Assessment of treatment burden and complexity in cystic fibrosis: A quality improvement project

Background Treatment regimens for cystic fibrosis (CF) continue to evolve and grow in complexity. Treatment regimen burden, and associated sequelae, are incompletely understood. Objective Quality improvement (QI) methods were used to investigate treatment burden of CF care, family and care team partnerships, and potential interventions to reduce burden. Methods Patients 6-24 years with CF and caregivers of patients 6-13 years were surveyed. Portions of validated tools and existing surveys measured burden and family-care team partnership. An automated report calculated treatment complexity. Plan-do-study-act cycles tested survey administration during CF visits and run charts tracked progress.

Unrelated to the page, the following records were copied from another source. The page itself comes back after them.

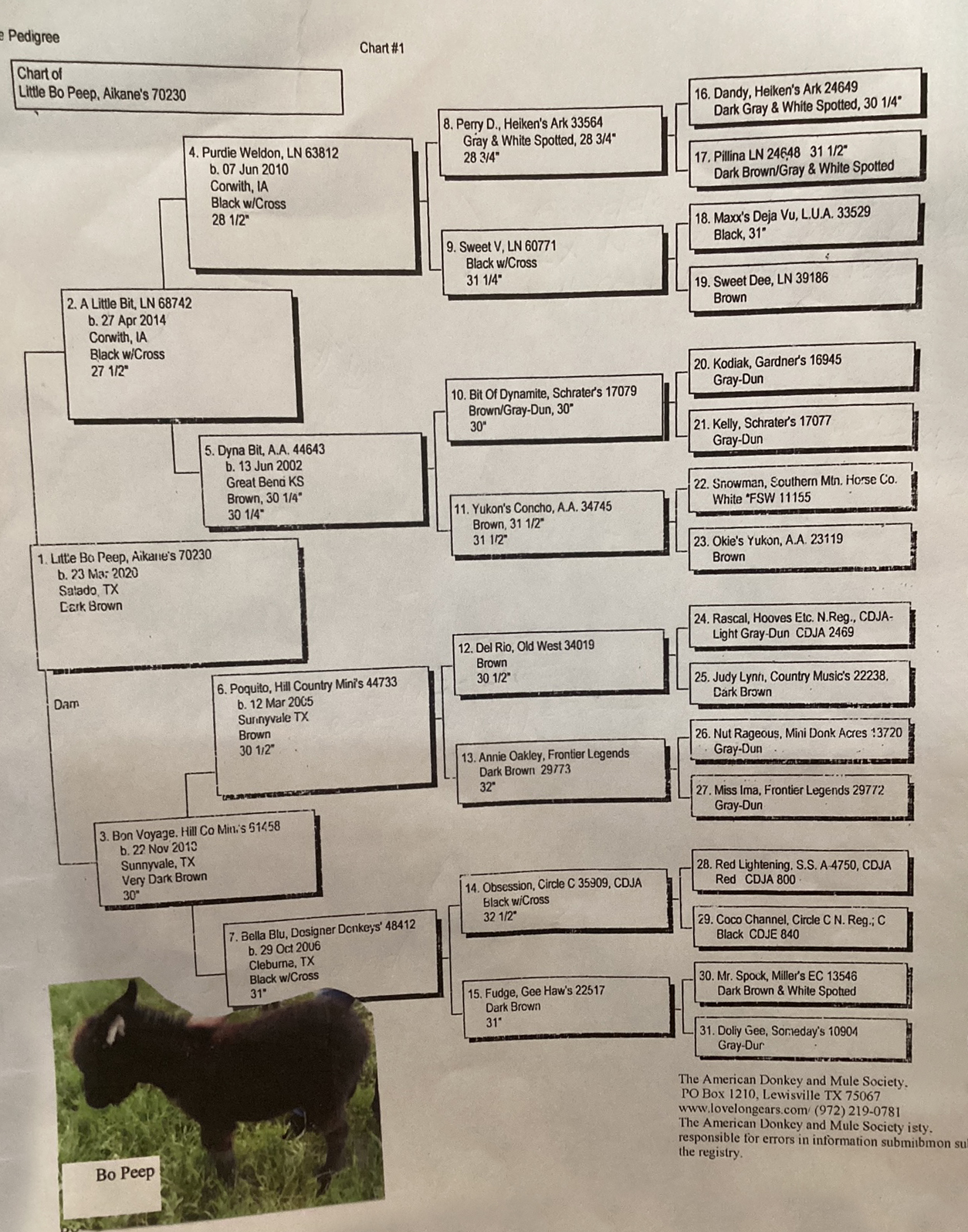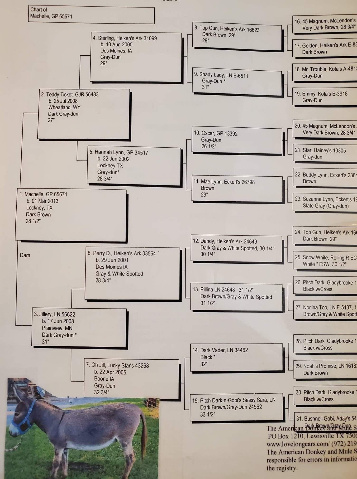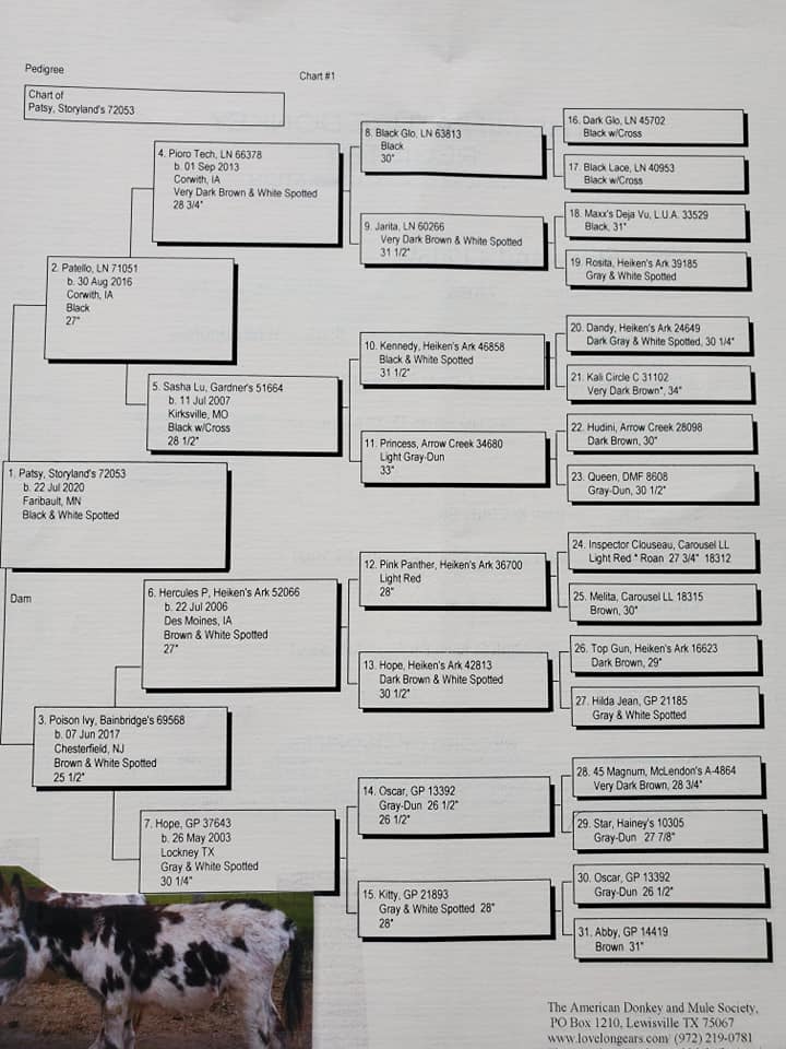 Nutella's pedigree also boasts donkeys such as N&D Lonestar Cowboys Baron (25¼"), Triple G Gidget (28½") and EA Doctor Donovan (28½") who I still own and he now lives the retired life!
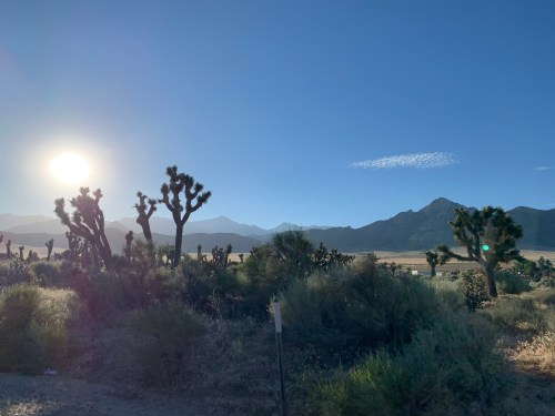 Jessica and I slept at Sandy Flat Campground (near Lake Isabella) last night after a visit to the Miracle hot springs nearby. This morning, we drove thru the Joshua Trees to San Bernardino where she has a meeting. We head to Arizona this afternoon.
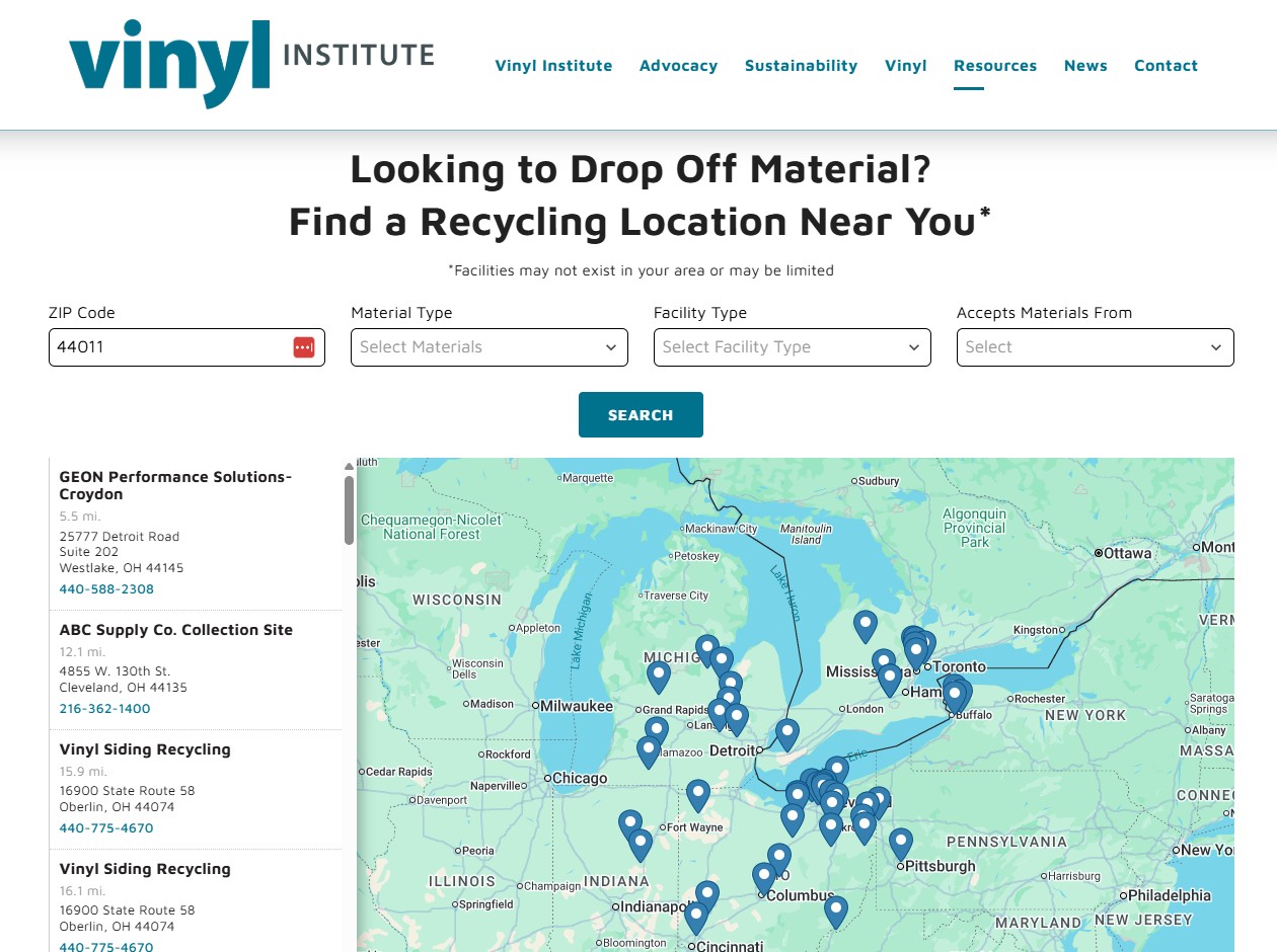 Available at vinylinfo.org/recycling-directory, the tool allows users to search for vinyl recycling collection points by location and product type, helping vinyl materials like siding, piping, and flooring be repurposed into new products rather than ending up in landfills.
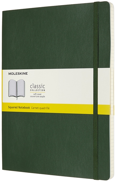 Zápisník Moleskine měkký čtverečkovaný zelený XLihned699,00 Kč/ ks577,69 Kč bez DPH
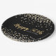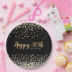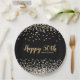 Add your own special touch to this elegant custom anniversary party plate design featuring sparkly gold and silver confetti over a black background, modern script typography with the words "Happy 50th" and the couple's names.
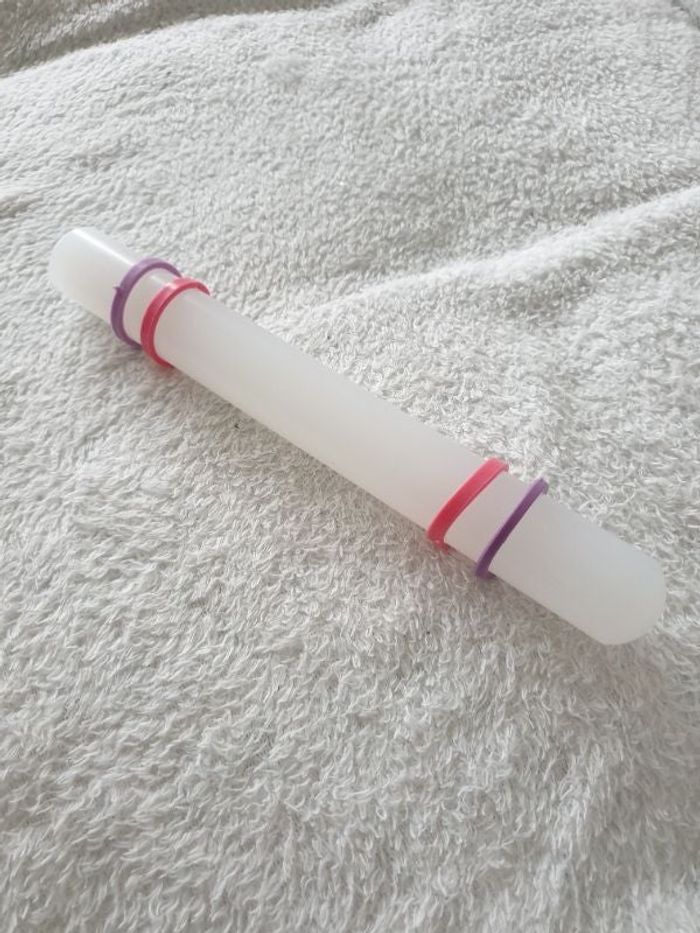 Rouleau patisserie en acrylique anti adhesif. Il mesure environ 23cm et diamètre 2,5cm. Très peu utilisé
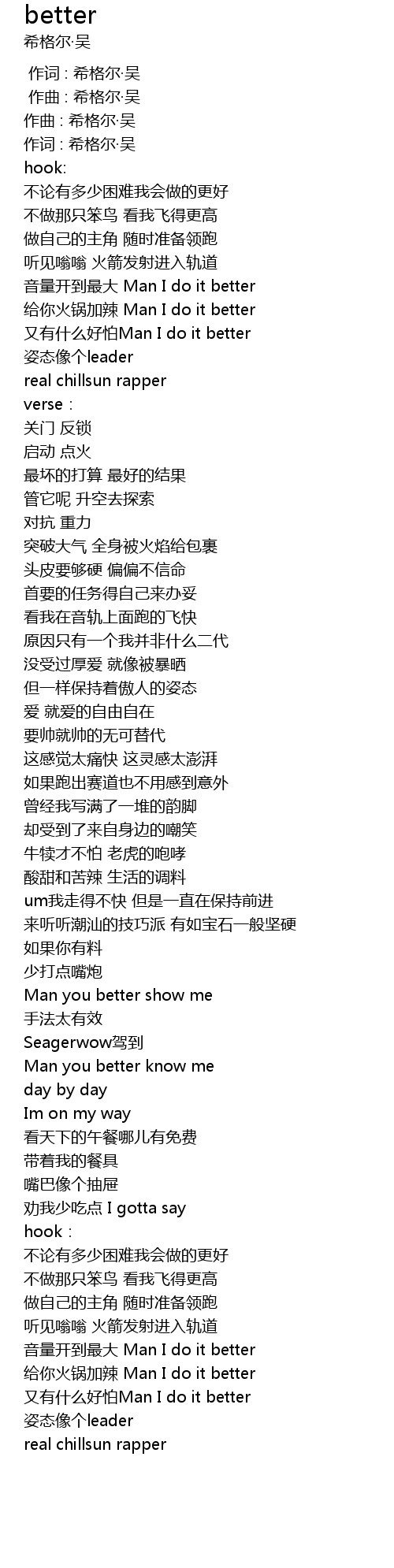 | [00:44.87] | yòu yǒu shén me hǎo pà Man I do it better |
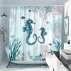 Octopus Shower Curtain Nautical Ocean Sea Turtle Beach Coastal Blue Fish Seashell Jellyfish Fabric Bath Curtains Bathroom Decor
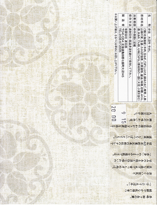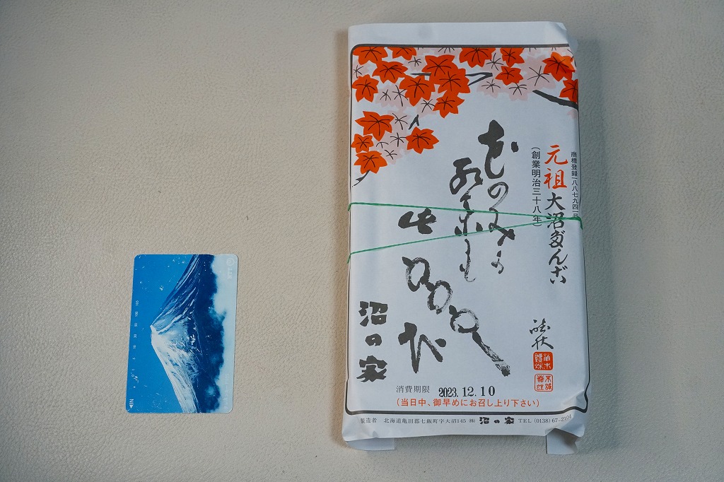 2007(平成19)年6月17日に購入した、大沼公園の駅売り銘菓の掛紙。絵柄は長らく変わらないが、法的な表示や注意書きに小変化が見られる。これは「小」のこしあん。価格は2007年当時で「小」が315円、「大」が525円。これを特急列車の車内販売で予約購入すると、「小」が350円となった。
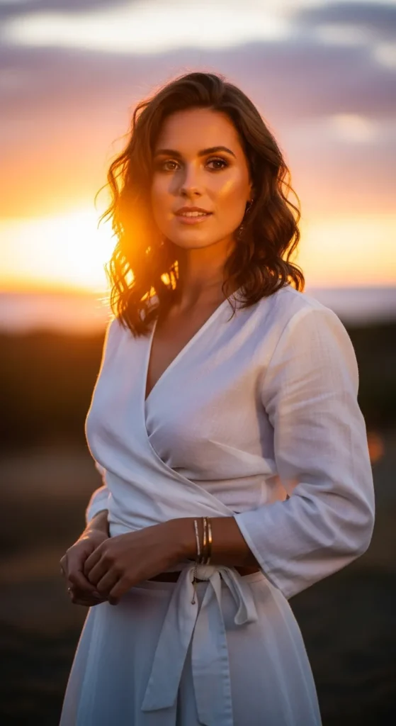 Stylist Suggestion: Highlight the waist tie and add delicate bracelets. These details emphasize the wrap design and enhance the outfit’s natural flow.
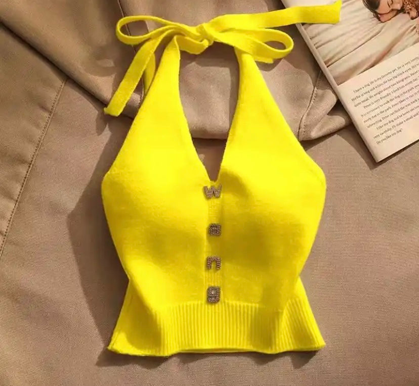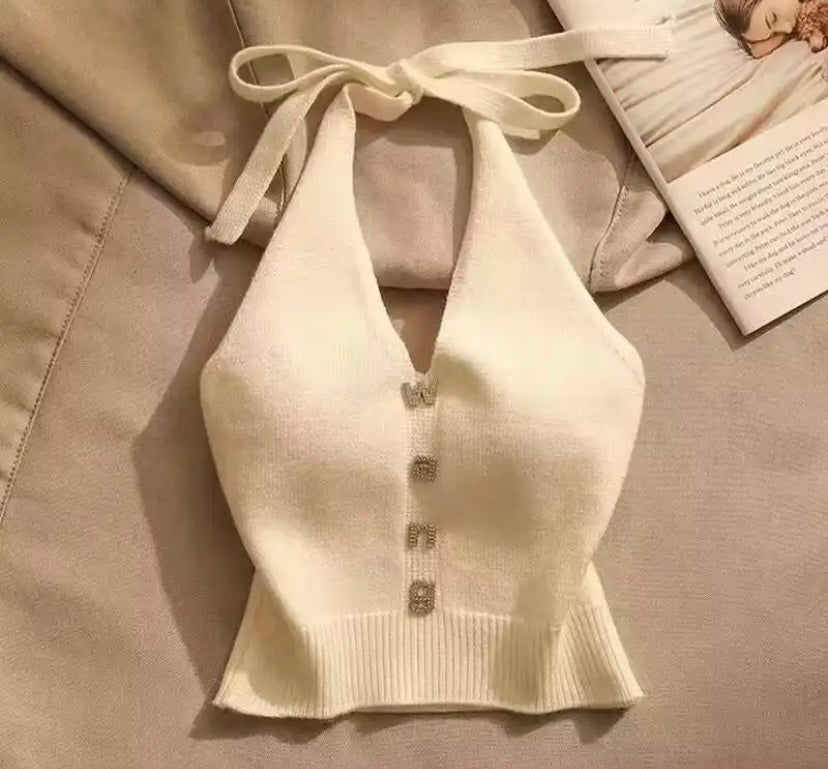 Women Rhinestone Tassel Black Fashion Tank Crop Top
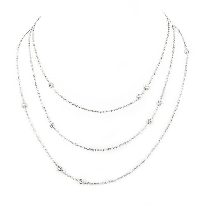 Splendida collana lunga della collezione "Mimioui" in oro bianco e diamanti, composta da una raffinata catena, arricchita di 16 diamanti con taglio a brillante.

Interventions to reduce burden were tracked, and bidirectional assessments explored partnerships among patients, families and clinicians. Results Over 6 months, 110 patients and 62 caregivers completed assessments. Caregivers reported lower burden/higher quality of life (74.0, range 22.2-100) than patients (66.5, range 16.7-100). The mean treatment complexity score was 17.2 (range 6-34). Treatment complexity and burden increased with patient age (p < .05 and p < .01 respectively). Lower lung function correlated with higher patient-reported burden (p < .01) and higher treatment complexity (p < .0001). As burden increased, providers more often performed select interventions (discussed combining treatments, simplified regimens, or involved other team members (p < .05 for each)). Families reported high partnership (mean scores 4.7-4.8, 5 = high), and providers reported high utilization of partnership tools (tool used in 77% of encounters). Conclusion We assessed, quantified, and responded to treatment burden and complexity in real-time during outpatient CF visits. Systematic and individualized assessments of treatment complexity and burden may enhance treatment adherence while preserving quality of life.